GoogleCloudAiplatformV1SchemaModelevaluationMetricsPairwiseTextGenerationEvaluationMetrics

import type { GoogleCloudAiplatformV1SchemaModelevaluationMetricsPairwiseTextGenerationEvaluationMetrics } from "https://googleapis.deno.dev/v1/aiplatform:v1.ts";

Metrics for general pairwise text generation evaluation results.

interface GoogleCloudAiplatformV1SchemaModelevaluationMetricsPairwiseTextGenerationEvaluationMetrics {

accuracy?: number;

baselineModelWinRate?: number;

cohensKappa?: number;

f1Score?: number;

falseNegativeCount?: bigint;

falsePositiveCount?: bigint;

humanPreferenceBaselineModelWinRate?: number;

humanPreferenceModelWinRate?: number;

modelWinRate?: number;

precision?: number;

recall?: number;

trueNegativeCount?: bigint;

truePositiveCount?: bigint;

}

§Properties

accuracy?: number

[src]

Fraction of cases where the autorater agreed with the human raters.
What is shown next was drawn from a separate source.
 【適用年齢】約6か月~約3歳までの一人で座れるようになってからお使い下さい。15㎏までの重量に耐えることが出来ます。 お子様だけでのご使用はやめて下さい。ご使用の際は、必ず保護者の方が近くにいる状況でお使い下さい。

baselineModelWinRate?: number

[src]

Percentage of time the autorater decided the baseline model had the better response.

cohensKappa?: number

[src]

A measurement of agreement between the autorater and human raters that takes the likelihood of random agreement into account.

f1Score?: number

[src]

Harmonic mean of precision and recall.

falseNegativeCount?: bigint

[src]

Number of examples where the autorater chose the baseline model, but humans preferred the model.

falsePositiveCount?: bigint

[src]

Number of examples where the autorater chose the model, but humans preferred the baseline model.
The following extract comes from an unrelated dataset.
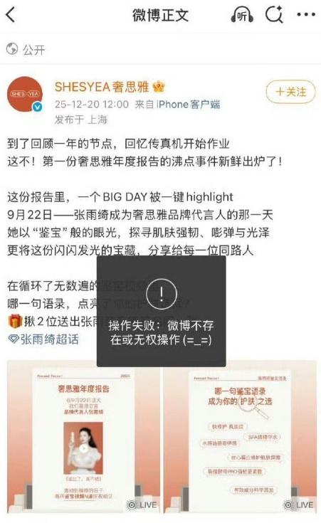 护肤美妆品牌 NEXXUS、奢思雅、玉容初、谷雨等删除所有代言内容,官博搜索显示 " 操作失败 " 或 " 无权查看 ";部分品牌声明 " 合作已于合约周期内自然结束 "。
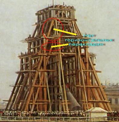 Металлическая опора для "Хан-Шатыр", о которой упоминается в начале статье не имеет МАССЫ в 1500 тон. Собсно о массе и не идет речь в ролике. Инженер говорит о горизонтальной нагрузке в момент отрыва от земли. Но вся "подлость" колонны, а точнее такой геометрической фигуры как цилиндр в том, что в любой момент пути, вся его масса приходится на всего одно бревно. А при условии что, цилиндр имеет уступы (а их было как минимум два, уже по реальному факту), то нагрузка не распределена по во всей длине бревна, а приходиться на очень малый участок под этими уступами. И тут вырисовывается просто фантастическая нагрузка на площадь, которая измеряется квадратными сантиметрами ;)

humanPreferenceBaselineModelWinRate?: number

[src]

Percentage of time humans decided the baseline model had the better response.

humanPreferenceModelWinRate?: number

[src]

Percentage of time humans decided the model had the better response.

modelWinRate?: number

[src]

Percentage of time the autorater decided the model had the better response.

precision?: number

[src]

Fraction of cases where the autorater and humans thought the model had a better response out of all cases where the autorater thought the model had a better response. True positive divided by all positive.

recall?: number

[src]

Fraction of cases where the autorater and humans thought the model had a better response out of all cases where the humans thought the model had a better response.

trueNegativeCount?: bigint

[src]

Number of examples where both the autorater and humans decided that the model had the worse response.

truePositiveCount?: bigint

[src]

Number of examples where both the autorater and humans decided that the model had the better response.